No ótimo roteiro, premiado com a Palma de Ouro em Cannes 2024, é possível perceber referências a “O Retrato de Dorian Gray”, livro de Oscar Wilde, e “Gêmeos”, de David Cronenberg, entre tantas outras referências marcantes, incluindo “O Iluminado”, de Stanley Kubrick, nas cenas do corredor da emissora. Outros destaques ficam por conta da excêntrica interpretação de um diretor de TV asqueroso, interpretado por Dennis Quaid, e da atuação segura e carismática da bela Margaret.

Logo em sua estreia no cinema, a diretora francesa Coralie Fargeat chamou a atenção com “Vingança” (2017), um filme brutal e subversivo do subgênero de terror “rape-revenge”, que a colocou entre os nomes mais promissores do gênero. Em “A Substância”, a diretora e roteirista cercou-se de uma ótima equipe, e a magia aconteceu; tudo foi previamente calculado. A direção de arte e de câmera estão em perfeita harmonia com a trilha sonora original de Raffertie, que é complementada por um design de som incrível. Realmente, o som e a visão impactam o espectador.

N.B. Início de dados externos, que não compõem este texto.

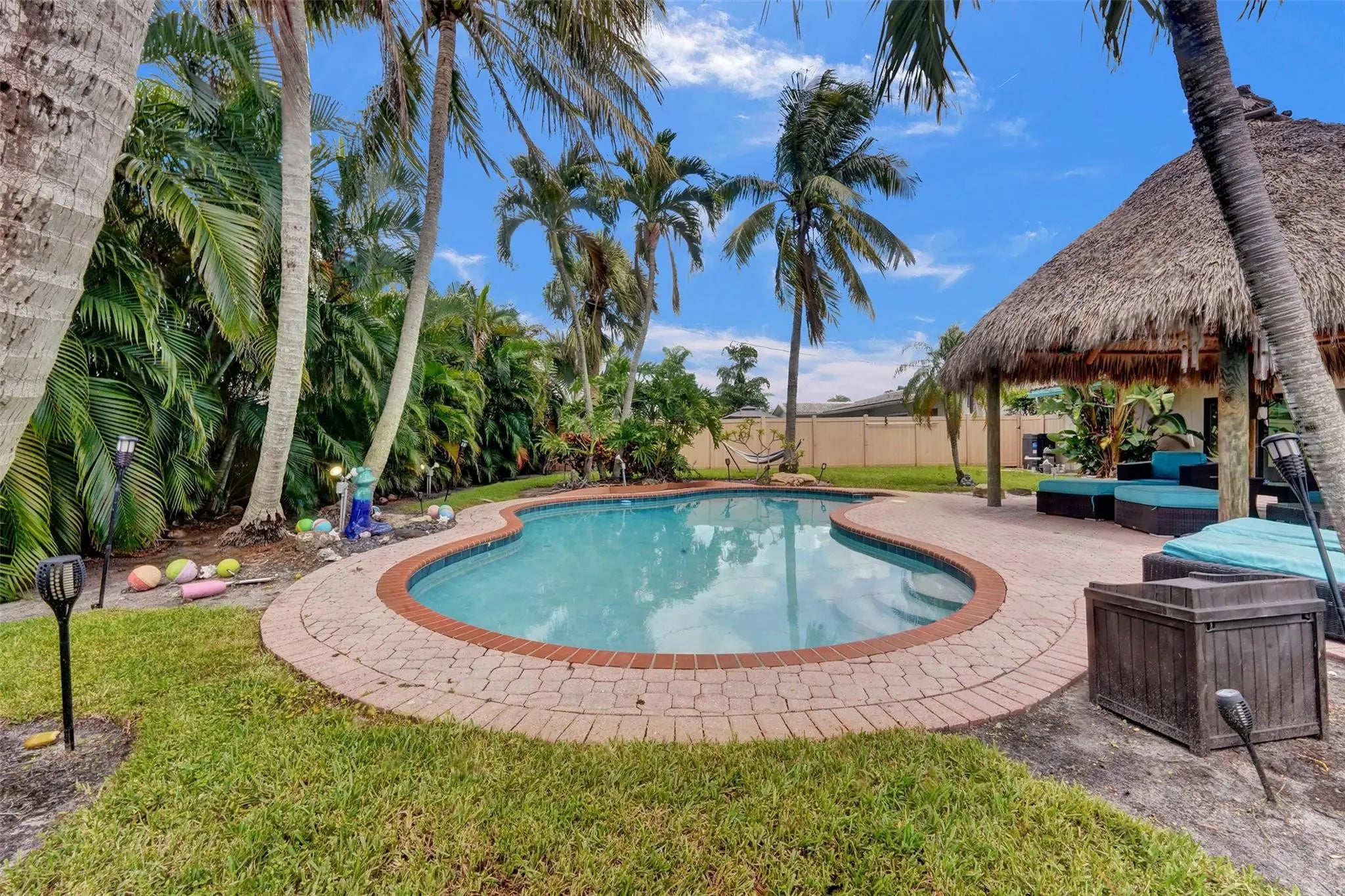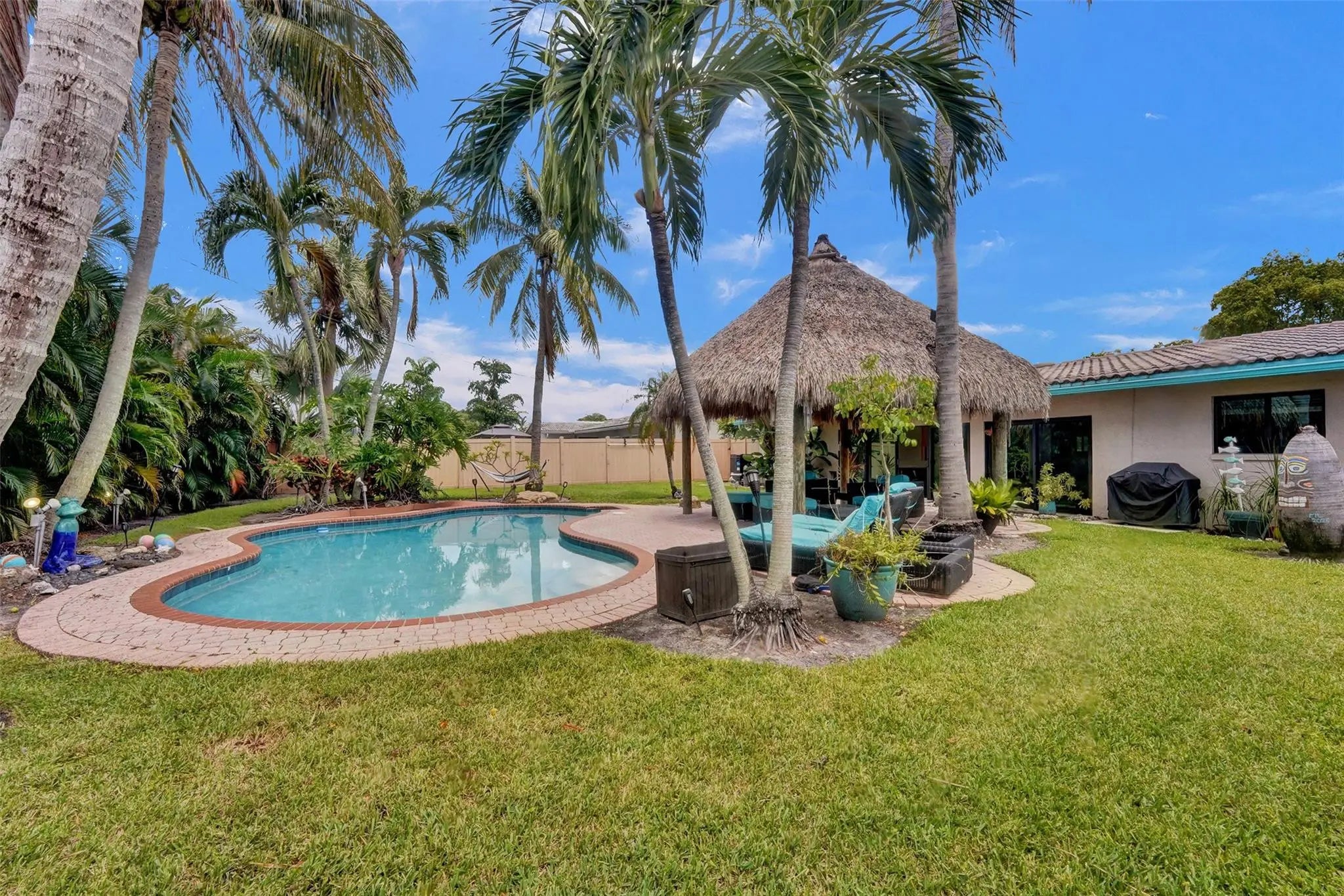 Escape to your own slice of paradise in Booming Pompano Beach! Updated Single-Family Pool Home located in the Garden Isles neighborhood. No HOA & no rental restrictions makes it ideal for Airbnb, a seasonal getaway, or full-time living. Just minutes from the beach, dining, and shops—with Publix and local restaurants within walking distance. The home features a spacious, open-concept layout, including an office/den, indoor laundry, and 1-car garage w/ paver driveway. Step outside to your private, tropical backyard complete with a freeform pool, large Tiki Hut w/ built-in TV & electric, and fully fenced yard perfect for entertaining. Additional highlights include hurricane-impact windows & sliders, and barrel tile roof. Invest now in Pompano Beach - South Florida's Fastest Growing City.

Em tempos de procedimentos estéticos infinitos, superexposição nas redes sociais, onde a comparação se tornou regra e o bom senso se perdeu, o tema é extremamente relevante. Sob o olhar de uma diretora, “A Substância” busca explorar a questão com uma perspectiva crítica, moderna e, aos poucos, surrealista. Um grito feminista em um mar de pastiches cinematográficos acomodados aos padrões impostos pela indústria e pela inteligência artificial. “A Substância” devolve ao cinema de grandes plateias a capacidade de reflexão e crítica ácida a uma sociedade deformada, superficial, plastificada e descartável.